New sample: Projects, Jobs, Resources
Creates a new random sample for a given segments scope: A project, a job, a resource etc. Use cases:
- Evaluate quality of translations done in a specific project
- Evaluate quality of a specific job
- Evaluate quality of a translation memory
- Evaluate quality of any work done in any project over a period of time
URL
(POST) /resources/segments/sampling/new
PARAMETERS
The parameters are a JSON object included in the request body:
type | Value must be: Scope | Mandatory, string |
scope | The scope object. The sample will be taken from the segments within this scope (project, job, resource...). Use these methods to find or enumerate: resources, jobs and projects. You will need the respective IDs to create your scope. | Mandatory, object |
layout | Optionally specify the segments' fields to include in the results. This is done using a layout JSON object. If not specified, the system will include:
| Optional, object |
src | The source locale (language code). | Mandatory, string |
trg | The target locale (language code). | Mandatory, string |
size | The expected sample size. Default is 10. This must be a value between 1 and 50. | Optional, int? |
persist | Optional boolean. Default is false. Only set to true if required. If true, then the results are temporarily saved and assigned a token (see sampletoken in results). | Optional, bool? |
includeresults | Optional boolean. Default is true. If true then the returned JSON includes the result node. Otherwise only the summary statistics are returned. If you further process results using the sampletoken you may not need the results with this call. | Optional, bool? |
You can further fine tune the sample with these additional parameters:
Filter options | ||
editorInitial | Optional filter on the initial translation done. Values are:
| Optional, string? |
editorCurrent | Optional filter on the current translation. Values are:
| Optional, string? |
dteditfrom | Optional filter on the date of last translation edit. If set, the sample will include translations edited at or after this date only. | Optional, datetime? |
Scoring options | ||
boostWordsMin boostWordsMax | This option lets you express a preferred word count of the segments to retain. The sample will then contain segments with similar word count at a higher probability than segments with less or more words (of the source text - not the translated text!).
Explanation: If min is 10 and max is 15, the system will sample more segments with words in the range than other segments.
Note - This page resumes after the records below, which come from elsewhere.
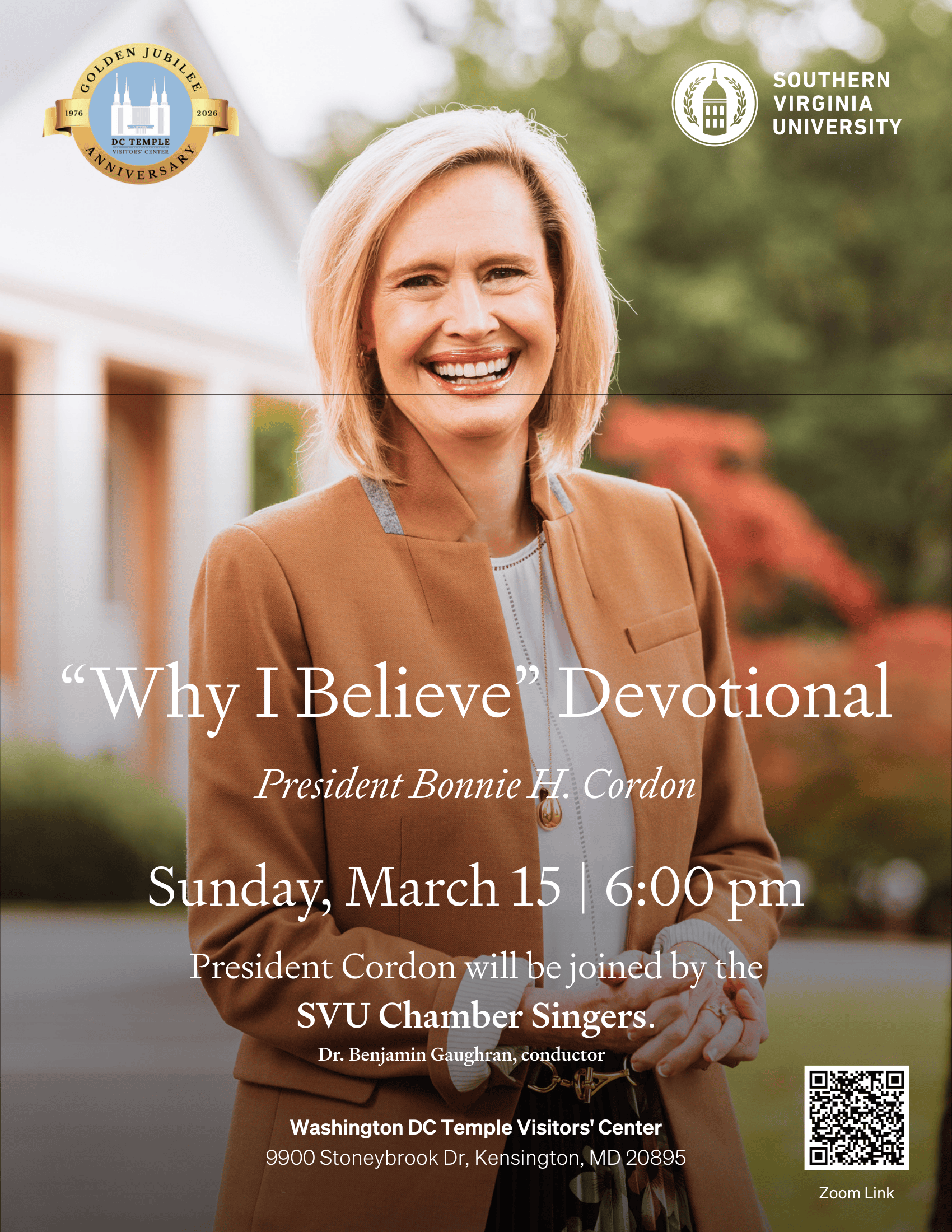 Why I Believe is a program that explores conversions and explains why members of The Church of Jesus Christ of Latter-day Saints hold to specific principles of the gospel. This fireside will feature conversion stories shared by Bonnie H. Cordon, President of Southern Virginia University, as she reflects on how the gospel of Jesus Christ has shaped and influenced her life. In addition, key doctrines and foundational gospel principles are thoughtfully explored.
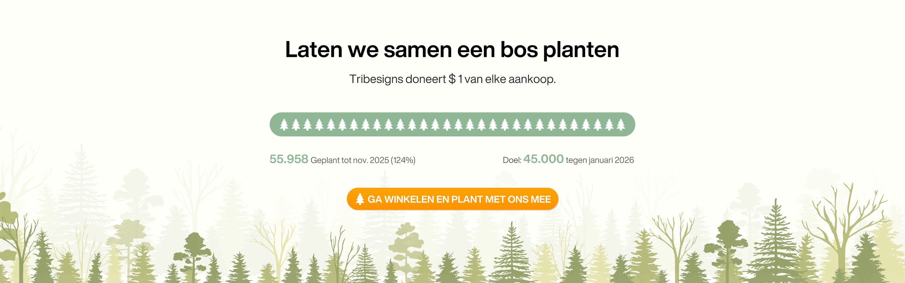 - Voor elke bestelling die op onze officiële website geplaatst wordt, plant Tribesign een boom via het Boomplantprogramma.
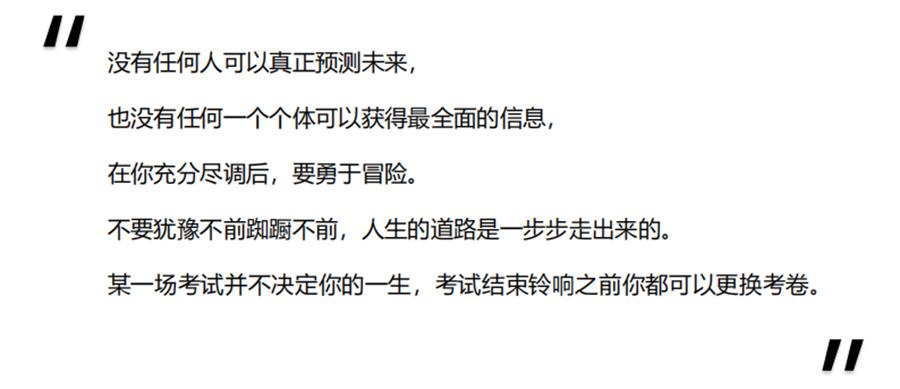 如果说你觉得你并不知道你这一生真正热爱什么,不是要非做什么不可的话,那么我劝你用逆向思维,去寻找一个现在看似好像不那么被认可的一个行业。当然,我们要符合大的择业的逻辑判断:如果你相信它长远来看还是不错的,只是短期并不是风口,那么你跳进去,或许就可以获得超额实力。

Mathematically, the decrease of probability below min and above max is a Gaussian whereby the probability drops to below 0.2 beyond a certain range beyond the limits (between 3 words and twice the range width). | Optional, int? |
RESULTS
A JSON with these properties:
samples | An array of samples. The present method produces a single sample, so there is always exactly 1 element in the array. See table below for properties. | int |
sampletoken | If assigntoken was set to true, then this field is a token. It is required to push the sample into a QA evaluation workflow (see related API methods). | string? |
Each samples array element has these properties:
segments | Total segments in sample. Note that this number will be less than the expected sample count if there is no or not enough data or the filter is too restrictive. | int |
words | Total source text words in sample. | int |
src | The source language of the sample | string |
trg | The target language of the sample | string |
result | Contains all the segments in the sample, information on the resources to which the segments belong as well as worker names.
| object[] |
result.rows | The list of segments. Includes main segment properties as well as the data columns specified in the layout parameter. The format is explained further down in this page. | object[] |
result.docs | A dictionary with all documents that appear in the results. This permits to show document names and more information per segment (see the did property of a segment). The format is explained further down in this page. | object |
result.users | A dictionary with all users/persons that are referenced by the segments included with the results. A segment references the persons that have last changed a text, a status, a bookmark etc. The format is explained further down in this page. | object |
columns | An array with the columns in the result.rows property. Each array element describes one column, see here: Spreadsheet Column (Object) | object[] |
ACCESS RIGHTS
The user must be authorized to access the scope.
EXAMPLE
Request a sample of 1 random segment from a specific resource (such as project memory, translation memory or termbase) for German to English. To sample a project or job, use a different scope: Scope (Object).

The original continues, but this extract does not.